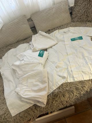 Uniformes de enfermería de la UAB, ideales para prácticas. - Talla pequeña (PP) - Color blanco - Con bolsillo en pecho - Cierre de botones -Incluye bata + 2 pantalones + chaquetas pijama
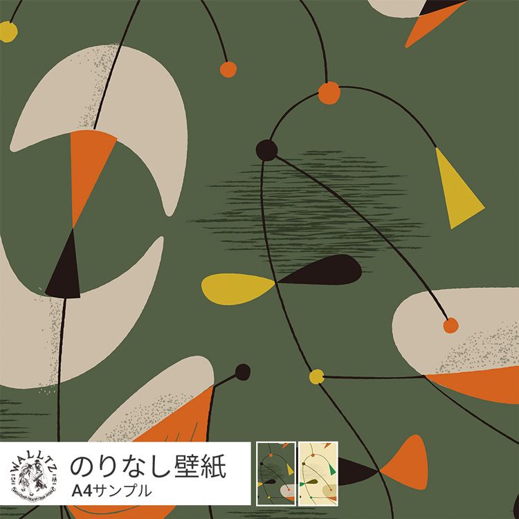 はがせる壁紙 のりなしタイプ 賃貸 おしゃれ クロス WALLTZ ウォルツ サンプル 緑 グリーン イエロー 黄色 ベージュ ジャズ 楽器 音楽 幾何学 Day Starter / jazz クリエイターズ壁紙 壁紙の上から貼れる 簡単 張り替え トイレ キッチン 壁紙屋本舗
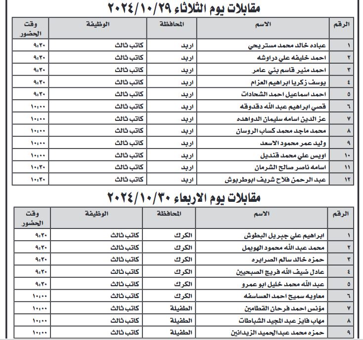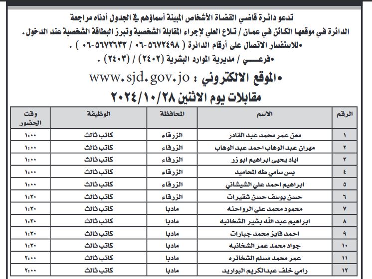 أعلنت عدداً من المؤسسات الرسمية، اليوم الأحد، عن حاجتهم لتعبئة وظائف شاغرة، فيما دعت عددا من المرشحين لاجراء المقابلات الشخصية .
*****
**What you have to do:** Using the material above, set down every line exactly, but skip the pictures.

**Solution below:**
 Uniformes de enfermería de la UAB, ideales para prácticas. - Talla pequeña (PP) - Color blanco - Con bolsillo en pecho - Cierre de botones -Incluye bata + 2 pantalones + chaquetas pijama
 はがせる壁紙 のりなしタイプ 賃貸 おしゃれ クロス WALLTZ ウォルツ サンプル 緑 グリーン イエロー 黄色 ベージュ ジャズ 楽器 音楽 幾何学 Day Starter / jazz クリエイターズ壁紙 壁紙の上から貼れる 簡単 張り替え トイレ キッチン 壁紙屋本舗
 أعلنت عدداً من المؤسسات الرسمية، اليوم الأحد، عن حاجتهم لتعبئة وظائف شاغرة، فيما دعت عددا من المرشحين لاجراء المقابلات الشخصية .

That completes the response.